Skocz do zawartości

Marynia zapisuje się na siłownię i po dwóch tygodniach wyciska 548 kg na ławce


lad

Czy jesteś sportowym świrem?  

48 użytkowników zagłosowało

Nie masz uprawnień do głosowania w tej ankiecie oraz wyświetlania jej wyników. Aby zagłosować w tej ankiecie, prosimy się zalogować lub zarejestrować.

Rekomendowane odpowiedzi

8 minut temu, szramek napisał:

Reaper, nie dałoby się ustawić przyjaciela na krechę? Po południu zrobię przelew, a już teraz koniecznie chciałbym dać lajka za te opisy Rimworlda a już mi się skończyły :(

...

albo chuj, zrobię z apki w telefonie, tylko proszę o szybką zmianę

 

Zdecydowanie to szczytny cel. Do tego użytkownik sprawdzony, rzetelny i solidnie rzucający lajkami. Potwierdzam, można ufać, polecam tego alleg... forumowicza.

  • Lubię! 5
Odnośnik do komentarza

Kurcze, mam jakiś opór wobec tych różnych sandboxow. Na przykład banished zapowiadało się super, ale w ogóle mnie nie wciągnęło, prison architect tak propsowane przez niektórych kolegów z forum też nie. Te różne klony dwarf fortress podobnie. A te gierki to w sumie spełnienie moich dziecięcych marzeń. Za gowniaka potrafiłem całe arkusze papieru zająć różnymi rysunkami wymyślonych baz, tuneli itp.
Na przykład w tą grę they are billions bym mega chętnie zagrał ale boje się że kupię i po godzinie odinstaluje.

  • Lubię! 1
Odnośnik do komentarza
15 minut temu, szramek napisał:

Kurcze, mam jakiś opór wobec tych różnych sandboxow. Na przykład banished zapowiadało się super, ale w ogóle mnie nie wciągnęło, prison architect tak propsowane przez niektórych kolegów z forum też nie. Te różne klony dwarf fortress podobnie. A te gierki to w sumie spełnienie moich dziecięcych marzeń. Za gowniaka potrafiłem całe arkusze papieru zająć różnymi rysunkami wymyślonych baz, tuneli itp.
Na przykład w tą grę they are billions bym mega chętnie zagrał ale boje się że kupię i po godzinie odinstaluje.

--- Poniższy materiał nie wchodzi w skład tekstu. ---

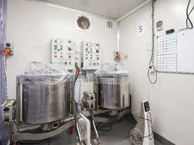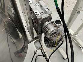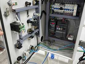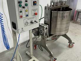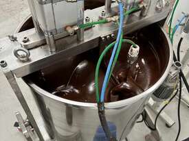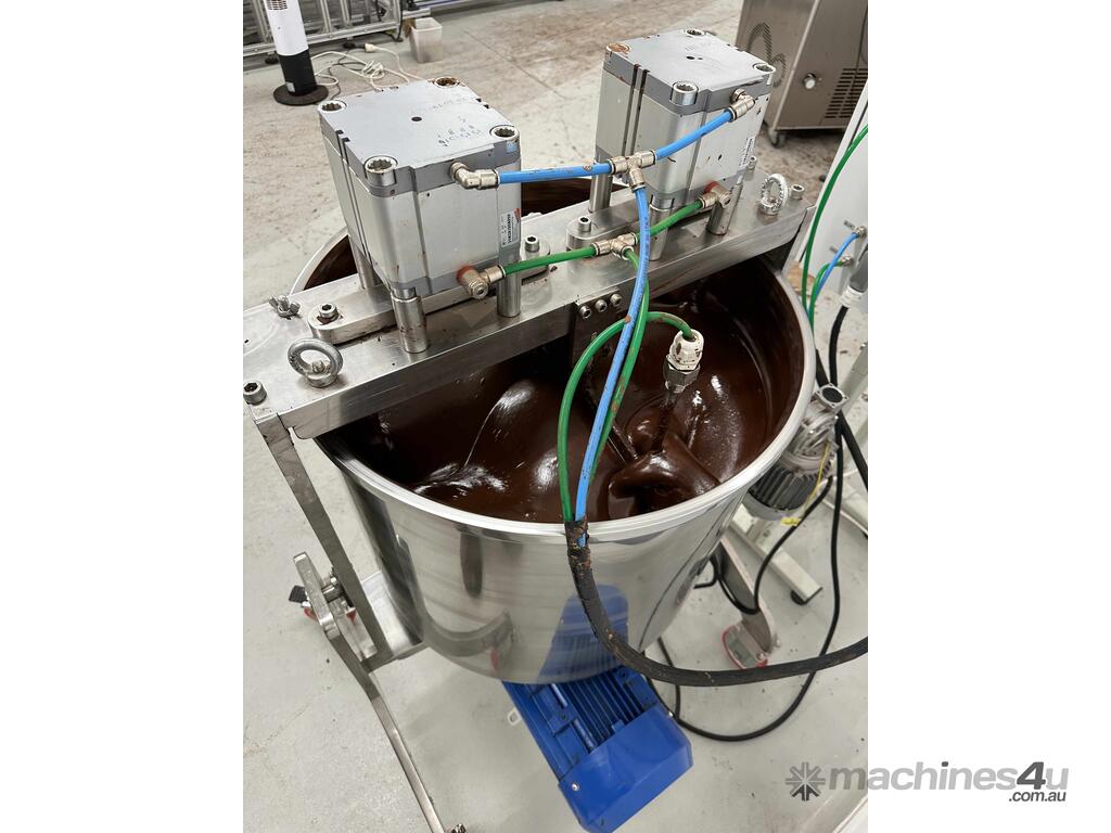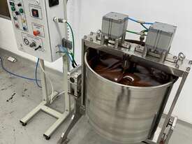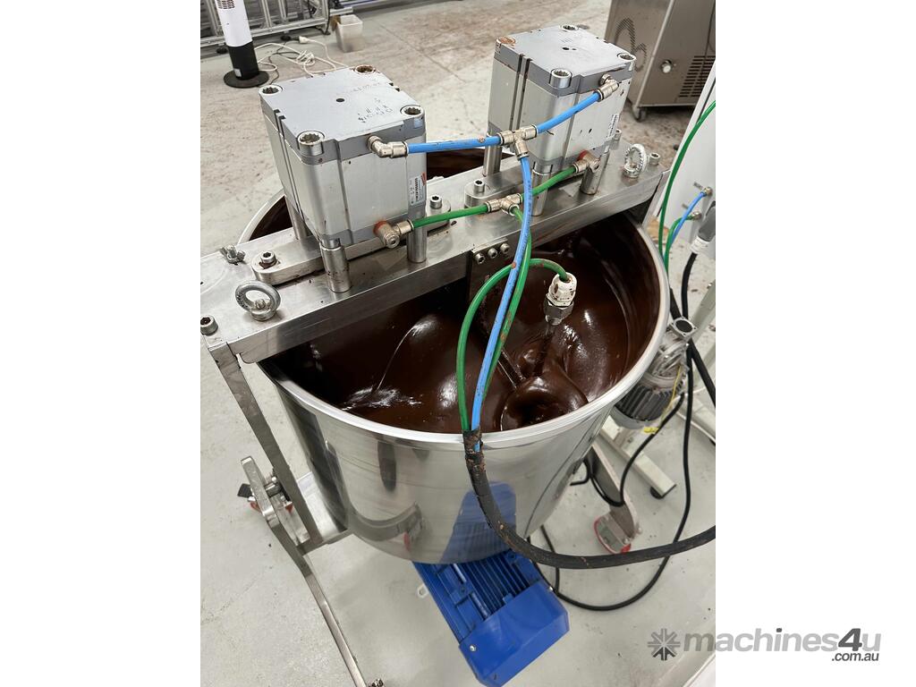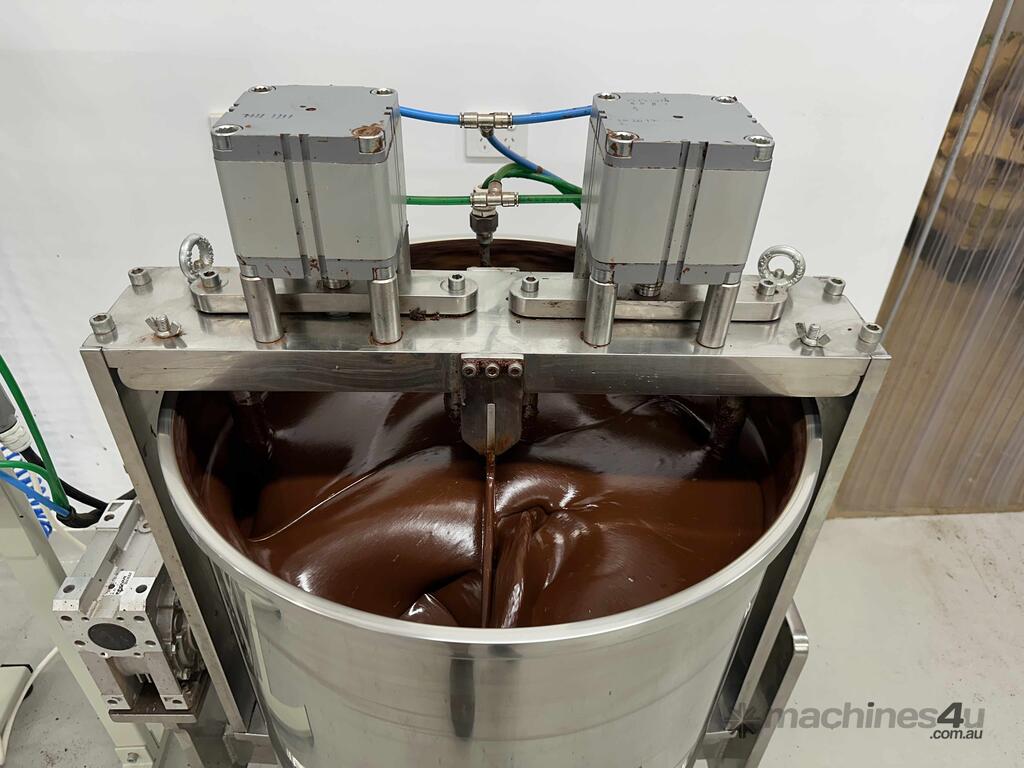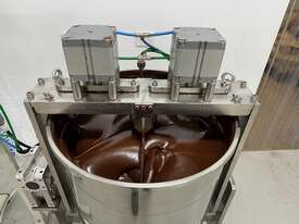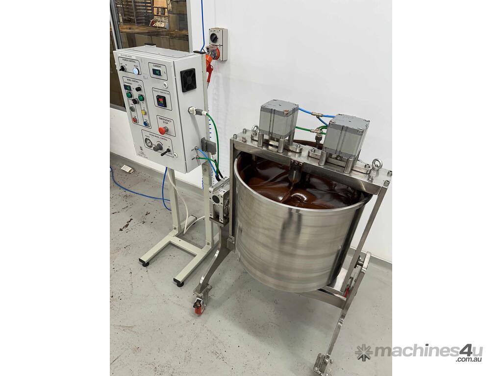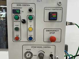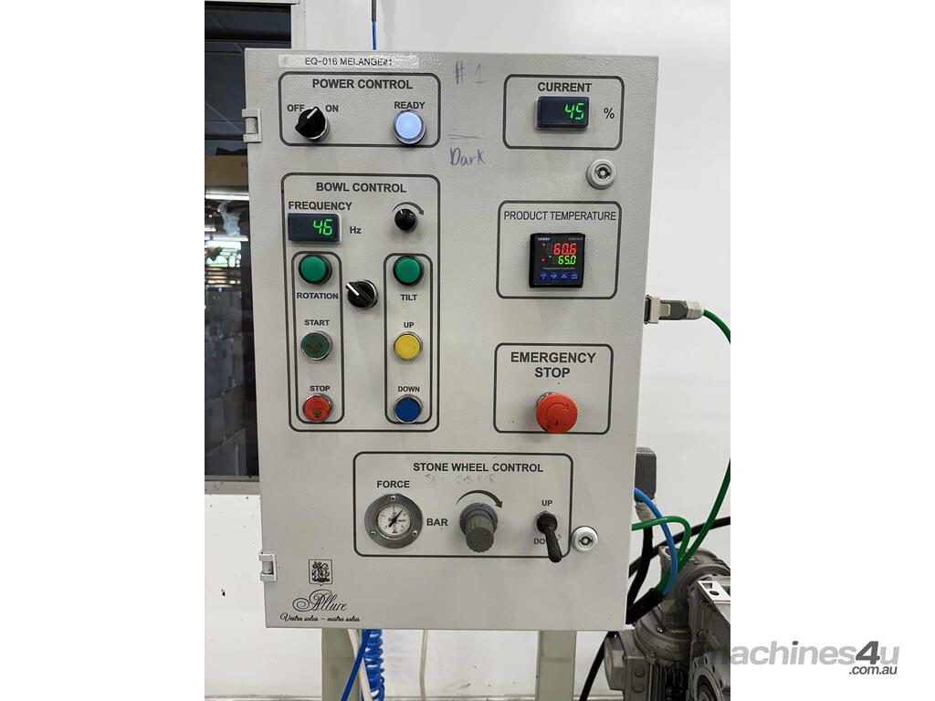 The digital control panel allows adjustment of drum speed and wheel pressure. Control read-outs include speed, pressure, temperature and energy use. The drum has a separate servo motor for tilting the whole drum to pour out the finished chocolate. It also has built-in speed reduction should the chocolate temperature exceed a programmed level.

Grałem we wszystko z tego co opisałeś.

Prison archiect znacznie różni się od reszty w sumie, ale też o ile podobał mi się, nie czułem wielkiego wciągnięcia.

W They are billions dobiłem około 100, nie osiągnąłem bardzo wysokich poziomów trudności, ale też to raczej klasyczny RTS, a nie klon DF. Ot szybka budowa, bronienie się przed falami zombixów do określonego dnia, wielki atak i powtórz. Grywalne, satysfakcjonujące, ale raczej rzadko spotyka się inne wyzwania przy każdym runie.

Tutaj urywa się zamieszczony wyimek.